Later on in this surreal epilogue Mamma Roma hears a roaring sound, the sound of an airplane she thinks, and then she recalls the air raids during the war, the distinct sound of the bomber planes whose drone would rattle the sky. She recalls the fear of those on the ground that the planes might crash from the sky or that the pilot would randomly drop his load of bombs in order to gain speed for his flight home. Considering the time frame of the film and piecing together the biographical fragments spread throughout the screenplay, Ettore would have been born towards the end of the war. Leaving him with their relatives on the countryside, Mamma Roma could have arrived in the city around March 1944, just in time to witness for example the allied bombing of the Casal Bertone housing complex which in the beginning of the film she so desperately longs to move out from.

In an essay of his collection Empirismo eretico (Heretical empiricism, 1972), Pasolini refers to the screenplay as a “structure that wants to be another structure”. The sense of want expressed in this characterization does not indicate a deficiency but a desideratum. A desire, a hunger quite accurately, which for Pasolini makes the screenplay a progressive form with a power to set things in motion. The words in a screenplay are charged with the will to become images in a film. That is what makes author and reader of a screenplay accomplices, because reading a screenplay means “to provide it with a visual completeness which the text lacks, yet which it aims at.” What is particularly interesting is the “drama” which unfolds. Being signs that want to become images, Pasolini explains, the words in a screenplay provoke a drama between the three elements whose correlation constitutes their meaning: grapheme, phoneme, and kineme. The screenplay takes sides: “The words in a screenplay typically set apart one of the three elements which constitute meaning: the kineme.” The relation between the word and the kineme resembles the love of a mother for her favourite child. A passionate love, biased, pragmatic and unjust, like Mamma Roma’s love for her son Ettore and like Pasolini says his love for reality is; fuelled by the want for a better future and therefore ready for sacrifices in the present. The signs in a screenplay know how to run with the hare and hunt with the hounds. With the help of their accomplice, the reader, they take two parallel paths: they gather their meaning by playing the common game of all written language and complying with the general rules of lingo and jargons, while at the same time earning their meaning by referring to another sign: the image of a film-to-be-made. Grapheme and Phoneme are good children who always obey and never lie. Kineme is the renegade who aims further and defies the laws and restrictions of the given. Kineme will make it big, or so his mother wants to believe, because he is not content with what he sees, but believes in what he imagines.

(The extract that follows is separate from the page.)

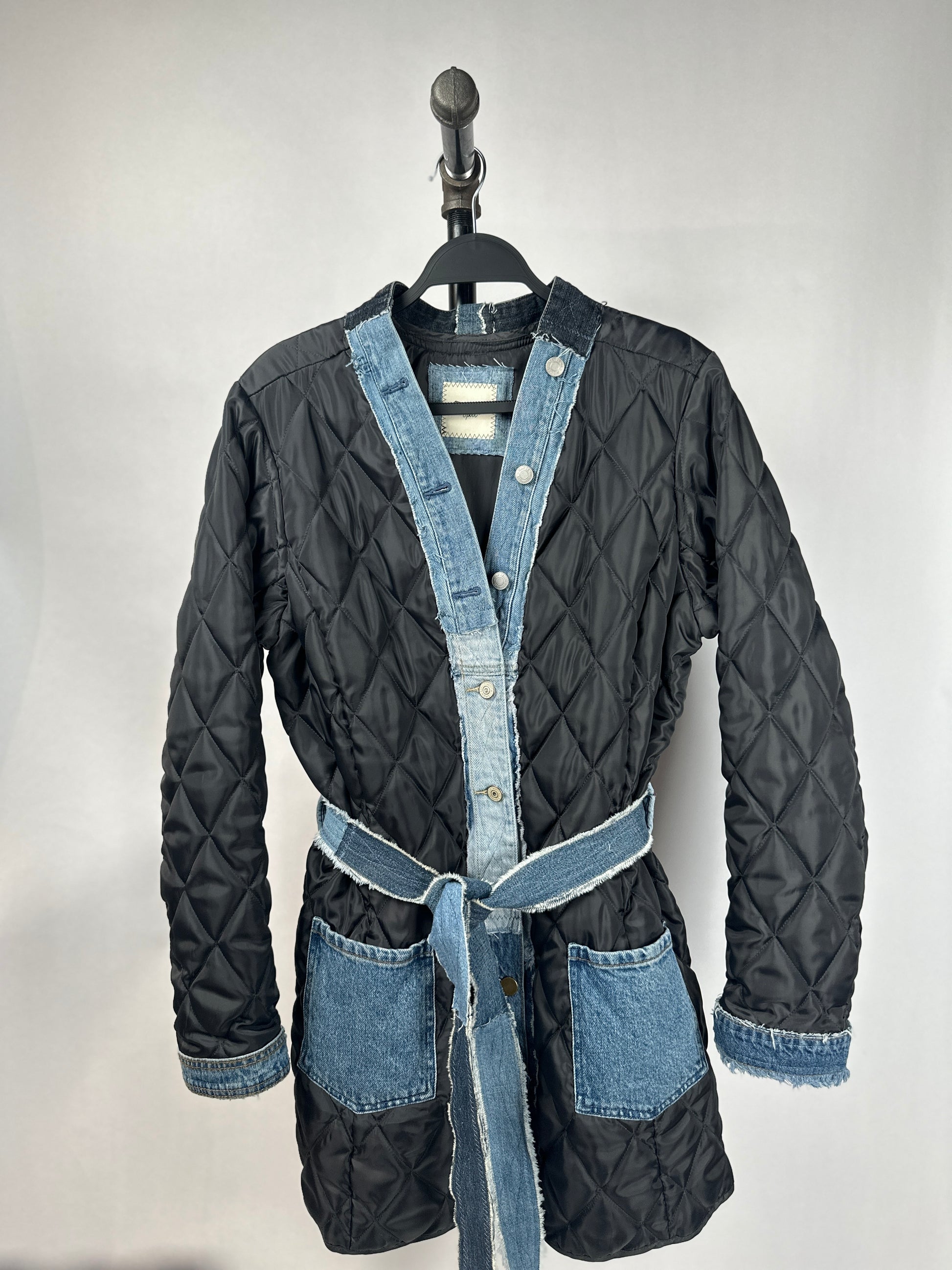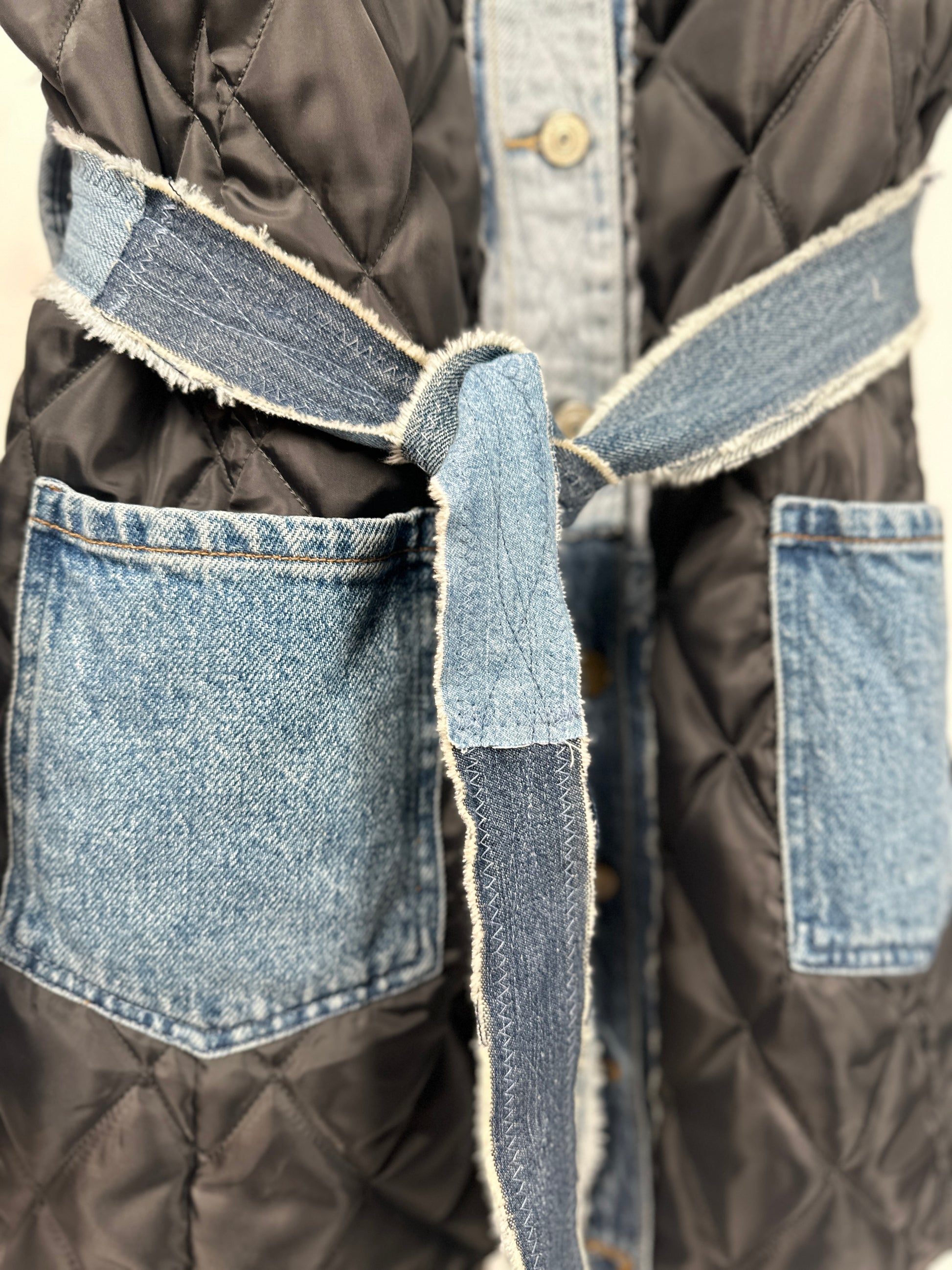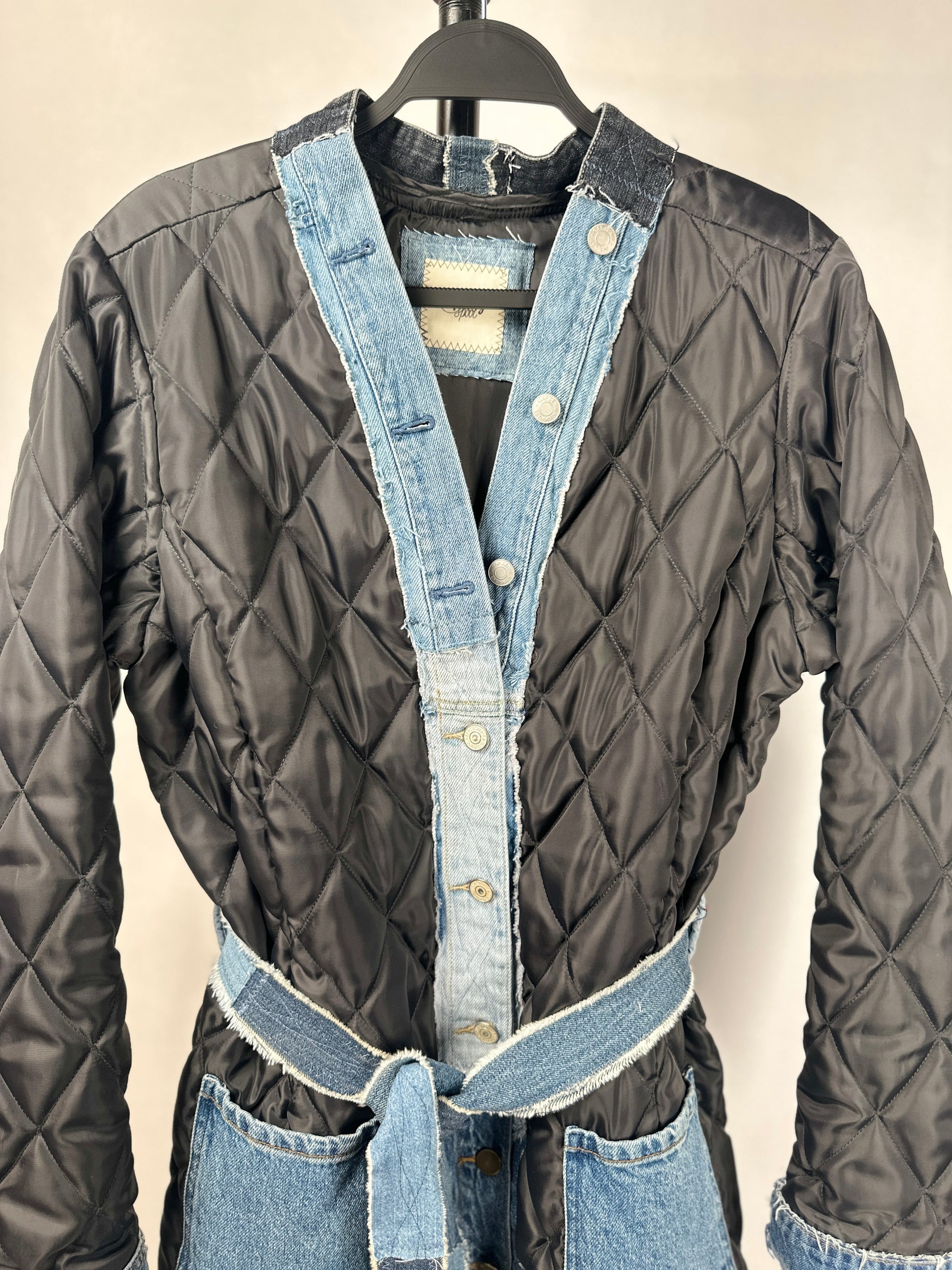 Get ready to turn heads with The Zandie! This unique jacket is not only stylish, but eco-friendly too. Made with an upcycled quilted liner and denim details from scraps, it's perfect for the fashion-forward and eco-conscious. Plus, stay organized with its large pockets and cinch your waist with the denim belt. Make a statement with The Zandie!

Pasolini was well aware and also explicit about the utopian and rebellious drive he attributed to a screenplay. If the curious desideratum which a screenplay allowed to project on reality was what made Pasolini swap prose for film, there remains the question how the fulfilment of the screenplay’s desire in a film image would affect this rebellious momentum. If a screenplay is a structure that wants to be another structure, isn’t the final film then the end of this want and the appeasement of the hunger?

1 – More than anything else, the ideology of “Wirtschaftswunder” (the „economic miracle“) which Germans are claiming to have experienced in the 1950’s helped to conceal the violence of the new economic order as well as the profits it drew from the older one.